Advantages of the Invention
[0022] According to the above configuration, it is possible to provide a fence provided with a fence post that can be firmly fixed between the floor and the ceiling and has a simple structure.
Brief Description of the Drawings
[0023] [Figure 1] FIG. 1 is a front view of the fence. [Figure 2] FIG. 2 is an enlarged view of the connection mechanism when the lever member is in the first angular position. [Figure 3] FIG. 3 is a cross-sectional view taken along the arrow III-III in (a) of FIG. 2. [Figure 4] Figure 4 is a cross-sectional view taken along the line IV-IV in (a) of FIG. 2. [Figure 5] Figure 5 is an enlarged view of the connection mechanism when the lever member is in the third angular position. [Figure 6] Figure 6 is an enlarged view of the connection mechanism when the lever member is in the second angular position.
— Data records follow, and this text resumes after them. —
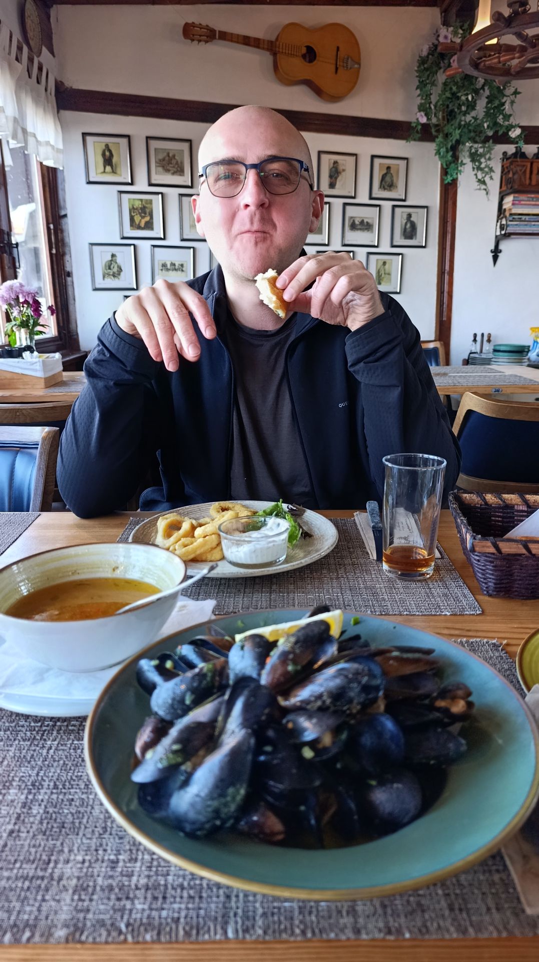 J’y mange une bonne soupe de poisson et des moules. Jc lui se laisse tenter par des calamars frits. On avait peur de l'attrape touriste. Mais au final le rapport qualité-prix est bon.
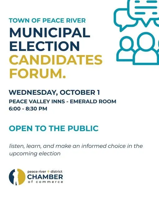 Hosted by the Peace River & District Chamber of Commerce, this public event offers residents a chance to hear directly from local candidates, ask questions, and learn about their platforms ahead of the upcoming municipal election.
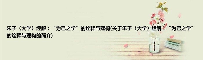 本文关于朱子〈大学〉经解:“为己之学”的诠释与建构的简介就讲解完毕,希望对大家有所帮助。
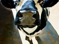 Dit schilderij brengt je letterlijk oog in oog met een koe, zo dichtbij dat je haar bijna kunt aanraken. De compositie is krachtig en direct: de grote snuit vult het beeld en trekt meteen alle aandacht. Zachte crème- en wittinten worden gecombineerd met diepe zwartblauwe accenten, terwijl subtiele aardse kleuren in de achtergrond zorgen…
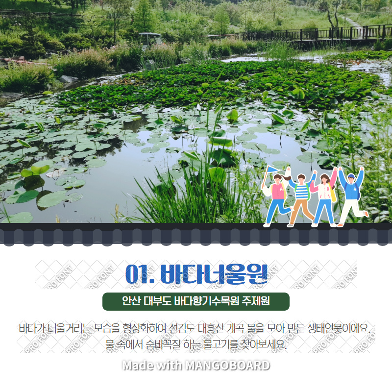 메인 주제원인 바다너울원에 도착했어요. 계곡 물을 모아 만든 생태연못이라고 해요. 아직 보수 중이라서 반대쪽 데크는 출입이 불가했지만 울창한 연잎이 참 인상깊었어요. 흔치 않은 그늘이 있는 벤치에 앉아 살짝 쉬어갔어요. 은근 쉴만한 벤치가 없으니 앉아서 휴식을 취하는 것을 추천해요.
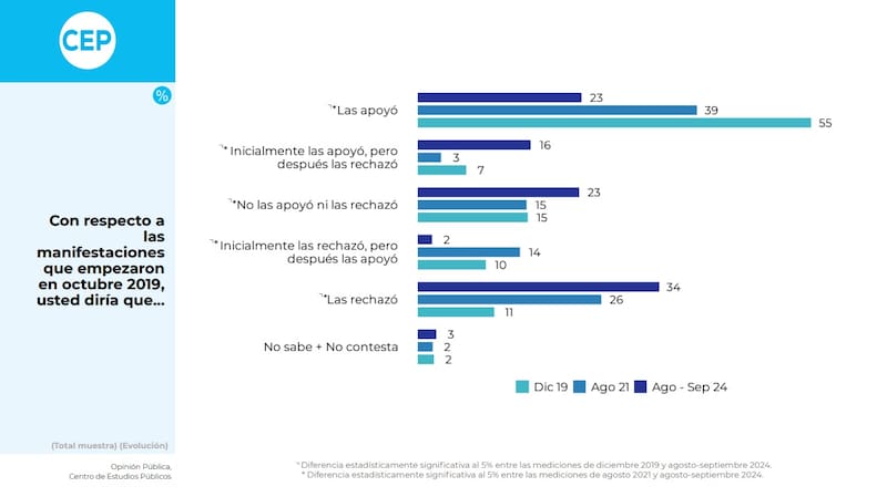 El Centro de Estudios Públicos (CEP) compartió los resultados de su última encuesta realizada entre el 2 de agosto y el 12 de septiembre de 2024, donde se le consultó a los participantes sobre su evaluación de las manifestaciones que se desarrollaron desde octubre de 2019 hasta marzo de 2020, en el denominado estallido social.
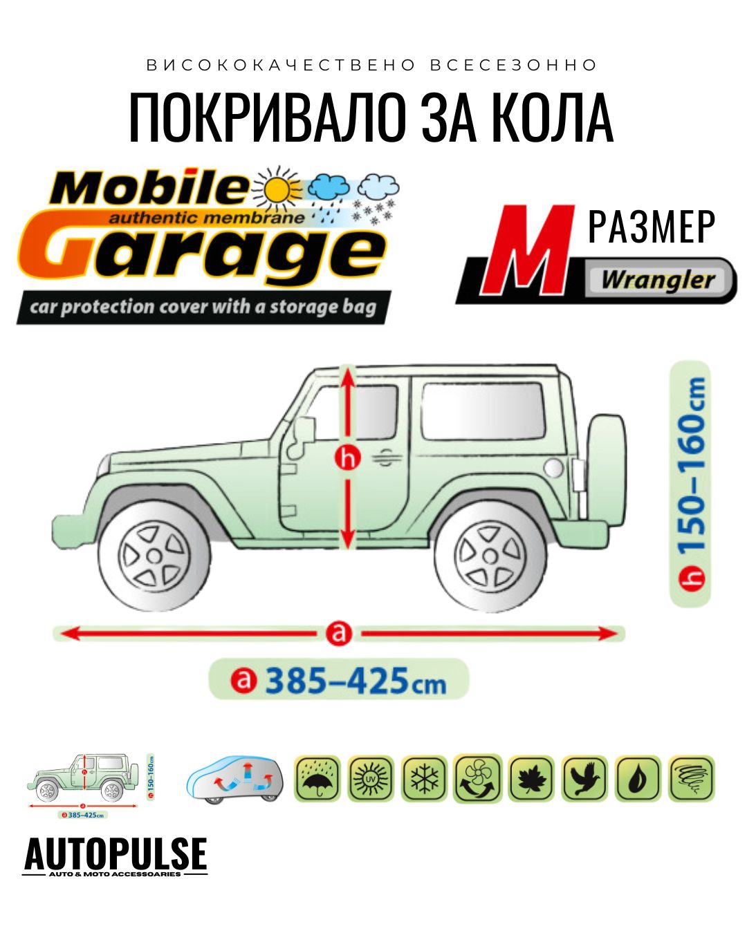 Ако сте собственик на Jeep Wrangler с дължина от 385 до 425 см (включително 2-врати модели), знаете колко важно е да защитите офроуд автомобила си от непредсказуемо време и атмосферни влияния. Покривалото Kegel Mobile Garage M предлага премиум 4-слойна защита с пълна водоустойчивост и висока паропропускливост, специално адаптирана за Jeep Wrangler с височина от 150 до 160 см.

Embodiments for Carrying Out the Invention
[0024] (Overview of the Fence) Hereinafter, the fence 100 according to an embodiment of the present invention will be described. First, the overview of the fence 100 will be described. FIG. 1 is a front view of the fence 100. The fence 100 according to the present embodiment is configured to be detachably installed indoors. As shown in FIG. 1, the fence 100 according to the present embodiment includes a fence main body 10 and fence columns 20.
[0025] The fence main body 10 has a pair of left and right opening / closing doors 11. For each of the opening / closing doors 11, a portion corresponding to the outside in the width direction of the fence main body 10 (the left-right direction of the paper surface in FIG. 1) is rotatably supported by the fence column 20. Further, a coupler 12 is provided on one of the two opening / closing doors 11, and a coupled member 13 is provided on the other. By connecting the coupled member 13 to the coupler 12, the two opening / closing doors 11 are maintained in a closed state.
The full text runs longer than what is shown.